TiVo was launched in Australia in the middle of last year by Hybrid
Television Services, wholly owned by the Seven Network, but it lacked
key features present on the US model.
The $699 TV recording device lacked the key home networking feature that
allows users to transfer content from their PC to the TiVo, and
recordings from the TiVo to the PC and a range of mobile devices.
The feature, which also allows multiple TiVos in different rooms to talk
to each other, comes free with the US model but was deliberately
disabled on the Australian version. Many bought the hobbled TiVo anyway
based on the promise that the home networking upgrade would cost "tens
It was finally made available this month at a cost of $199, prompting an
outcry among TiVo users.
The NSW Office of Fair Trading said it was "interested in investigating"

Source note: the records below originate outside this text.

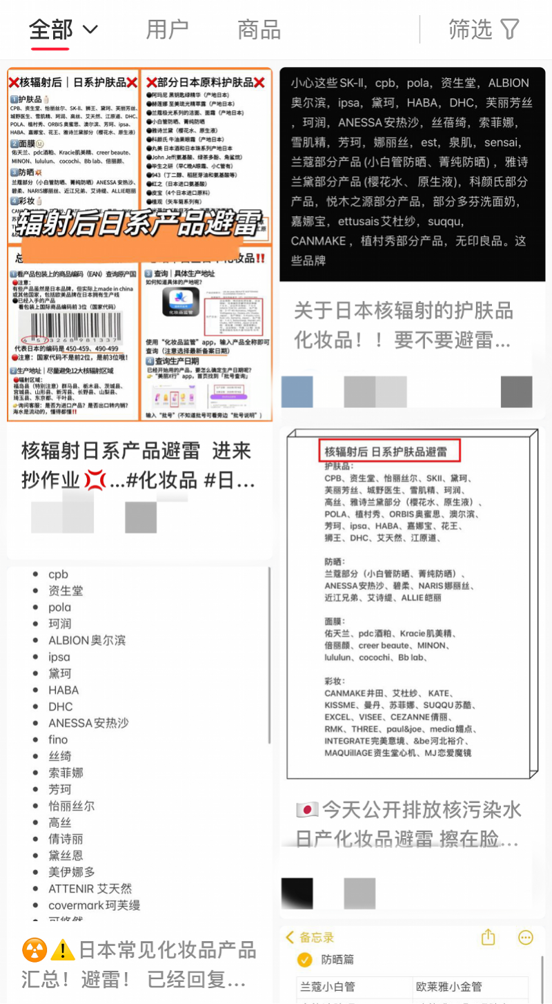 社交媒体上已出现大量“日本核辐射化妆品避雷清单”相关话题。(图/网络截图)
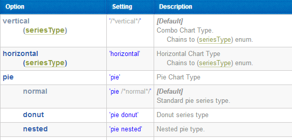 Enum settings are predefined text options. Enum chaining allows you to use multiple enum values chained together in a single setting. Each enum option determines the subsequent enum options that can be chained to it. This creates a tree of options and allows expressing settings that would have otherwise required multiple properties in an unchained format. For example the chart type property specifies the main chart type, but an associated default series type can be included (chained) to it in the same string setting. The goal of enum chaining is to reduce the amount of code necessary to specify complex chart types and options.
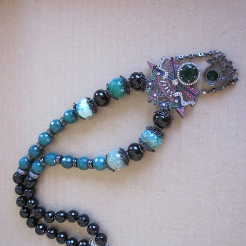 Riipus n. 9 x 7, ketjun pituus 44 cm.
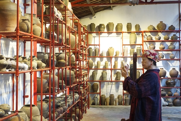GS.TS Thái Kim Lan ở một khu vực trưng bày gốm cổ sông Hương của mình
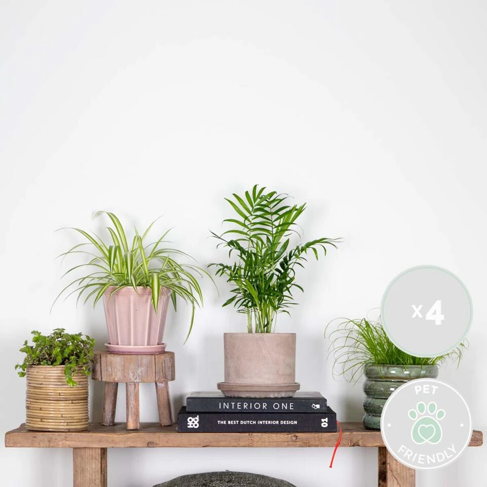 – Geleverd als set van 4 huisdiervriendelijke kamerplanten (1x Cyperus ‘Zumula’, 1x Chlorophytum ‘Variegatum’, 1x Chamaedorea Elegans, 1x Callisia ‘Repens’).

claims the move breached fair trading laws but said it would need
affected TiVo users to file a complaint by calling 13 32 20 or visiting
Andrew Waddell, state member for Forrestfield in Western Australia,
wrote to the state's Treasurer, Troy Buswell, saying TiVo's actions
constituted "misleading or deceptive conduct".
"It would be reasonable to say that purchasers of the product have been
greatly misled as to the costs that they are likely to expect to pay to
gain full functionality of the product," Waddell wrote.
"As TiVos have been purchased by thousands of Western Australians, I
would ask that you have the Consumer Protection Division of the
Department of Commerce investigate this matter."
In response to the outcry, TiVo slashed the price of the upgrade pack to
$99 for existing TiVo owners who fill out a short form on the TiVo
website. However, the price of the upgrade will return to $199 from April 1.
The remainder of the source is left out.